Suara UBN bergetar ketika akhirnya bicara. Ia bercerita tentang anak-anak yang meregang nyawa, bukan karena peluru, tapi karena perut yang kosong selama berhari-hari. Tentang bayi yang tangisnya padam di pelukan ibu. Tentang blokade yang mencekik kehidupan dan menjadikan Gaza sengaja dilaparkan.
Di barisan depan, mata-mata mulai berkaca. Seorang ibu memeluk anaknya erat, seakan bersumpah dalam hati: tak ada yang boleh merenggutmu dari pelukanku.
Jalan yang Tak Biasa
Bagi UBN, Gaza bukan sekadar berita duka dari negeri jauh. Itu adalah panggilan hati, kewajiban iman. Ulama kelahiran Jakarta, 26 Juni 1967 ini memilih jalan yang jarang dilalui—jalan sunyi namun penuh makna—melalui gerakan Indonesia Peace Convoy (IPC).
“Kalau suara bela Palestina hanya terdengar di kota-kota besar, ia akan hilang ditiup angin. Karena itu, kita turun ke jalan. Menyapa umat satu per satu. Membawa kabar Palestina ke setiap sudut negeri,” ujar UBN dalam satu kesempatan.
IPC bukan sekadar iring-iringan motor dan mobil. Ia adalah kafilah nurani, deretan kendaraan yang melaju bukan untuk gagah-gagahan, tapi untuk mengusung pesan dari tanah yang terluka. Setiap bendera Palestina yang dikibarkan adalah janji: Indonesia punya utang sejarah kepada Palestina, dan utang itu harus dibayar dengan konsistensi hingga kemerdekaan benar-benar tiba.
Di setiap kota yang disinggahi, UBN sendiri yang mengendarai motornya. Menembus terik yang membakar kulit dan hujan yang menggigilkan tulang, ia terus melaju. Roda-roda itu berputar membawa pesan yang tak boleh terhenti.
Dakwah yang Bergerak
IPC bukan hanya aksi solidaritas, tapi juga dakwah yang bergerak. UBN dan timnya tak sekadar melintas, tapi berhenti: di masjid, pesantren, hingga halaman rumah warga. Mereka duduk lesehan, menatap mata masyarakat, mendengar kisah mereka, lalu menyampaikan luka Palestina.

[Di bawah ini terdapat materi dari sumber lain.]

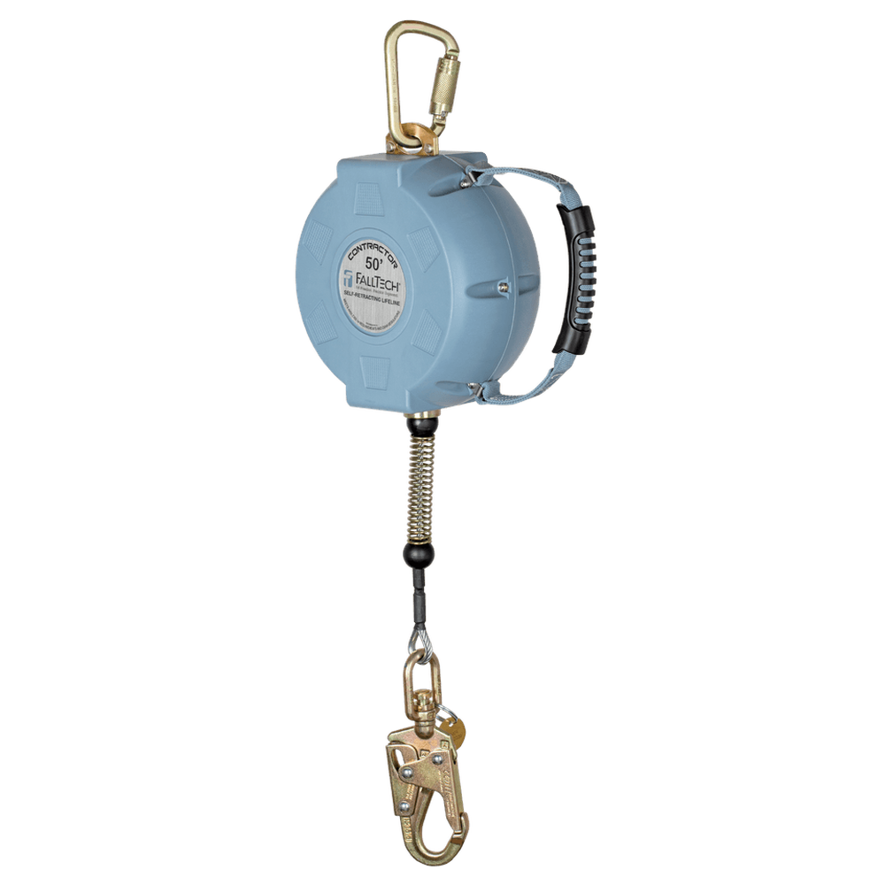 The FallTech 727650C Contractor C is a high-performance 50-foot self-retracting lifeline designed for reliable fall arrest in overhead applications. This model features a rugged glass-filled nylon housing and a 3/16-inch galvanized steel cable to ensure long-term durability in harsh job site environments. It provides a cost-effective safety solution that combines smooth operation with the heavy-duty strength required for industrial and construction use.

“Dulu, Ki Hajar Dewantara mengayuh sepeda keliling Yogyakarta untuk menyebarkan kabar kemerdekaan Indonesia. Hari ini, kita keliling negeri untuk mengabarkan bahwa Palestina belum merdeka—dan dunia tidak boleh melupakannya,” tutur UBN, lulusan Universitas Islam Madinah, Arab Saudi.
Deru mesin menjadi bedug, memanggil umat untuk peduli. Menyadarkan bahwa di Gaza, ada keluarga yang berjuang hanya untuk bertahan hidup. Ada anak-anak yang bermimpi tentang langit yang tenang, tanpa drone dan pesawat tempur.
Sejak dimulai pada 2024, Indonesia Peace Convoy telah menjadi sungai panjang yang mengalirkan kesadaran. Dari desa di kaki gunung, pesisir yang diterjang ombak, hingga pusat kota yang bising, pesan Palestina terus hidup.
UBN telah melangkah jauh, menempuh ribuan kilometer, demi satu harapan: Palestina merdeka.
Ia tak akan berhenti hingga azan berkumandang di Masjid Al-Aqsha dan umat Islam bisa bersujud bersama di tanah suci itu, dalam damai yang dijanjikan.